Exercise prompt -
As the lines appear below, please set them down exactly, starting at the first and finishing with the one containing "Als interessante Zugabe".

Items listed in a dataset -
***

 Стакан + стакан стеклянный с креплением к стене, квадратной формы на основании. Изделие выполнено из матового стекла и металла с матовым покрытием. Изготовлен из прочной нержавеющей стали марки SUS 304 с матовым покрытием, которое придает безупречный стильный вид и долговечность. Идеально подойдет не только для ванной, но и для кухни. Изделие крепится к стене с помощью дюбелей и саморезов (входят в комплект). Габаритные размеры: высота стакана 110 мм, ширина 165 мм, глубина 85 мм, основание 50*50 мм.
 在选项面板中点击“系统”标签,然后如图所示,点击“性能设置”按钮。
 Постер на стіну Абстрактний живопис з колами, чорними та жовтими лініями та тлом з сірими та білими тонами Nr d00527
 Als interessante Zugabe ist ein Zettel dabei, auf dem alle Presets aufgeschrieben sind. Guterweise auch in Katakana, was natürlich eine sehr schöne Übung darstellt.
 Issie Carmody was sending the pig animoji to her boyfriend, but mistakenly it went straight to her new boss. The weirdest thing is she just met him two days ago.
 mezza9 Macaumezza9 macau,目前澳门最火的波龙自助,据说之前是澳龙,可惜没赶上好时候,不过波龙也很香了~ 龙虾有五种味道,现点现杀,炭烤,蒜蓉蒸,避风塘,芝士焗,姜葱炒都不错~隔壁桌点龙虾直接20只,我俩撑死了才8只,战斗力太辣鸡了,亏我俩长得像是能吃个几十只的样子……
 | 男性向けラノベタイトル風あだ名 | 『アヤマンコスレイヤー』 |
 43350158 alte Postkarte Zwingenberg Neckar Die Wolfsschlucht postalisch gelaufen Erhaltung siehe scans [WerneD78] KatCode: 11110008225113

***

Exercise output -
 Стакан + стакан стеклянный с креплением к стене, квадратной формы на основании. Изделие выполнено из матового стекла и металла с матовым покрытием. Изготовлен из прочной нержавеющей стали марки SUS 304 с матовым покрытием, которое придает безупречный стильный вид и долговечность. Идеально подойдет не только для ванной, но и для кухни. Изделие крепится к стене с помощью дюбелей и саморезов (входят в комплект). Габаритные размеры: высота стакана 110 мм, ширина 165 мм, глубина 85 мм, основание 50*50 мм.
 在选项面板中点击“系统”标签,然后如图所示,点击“性能设置”按钮。
 Постер на стіну Абстрактний живопис з колами, чорними та жовтими лініями та тлом з сірими та білими тонами Nr d00527
 Als interessante Zugabe ist ein Zettel dabei, auf dem alle Presets aufgeschrieben sind. Guterweise auch in Katakana, was natürlich eine sehr schöne Übung darstellt.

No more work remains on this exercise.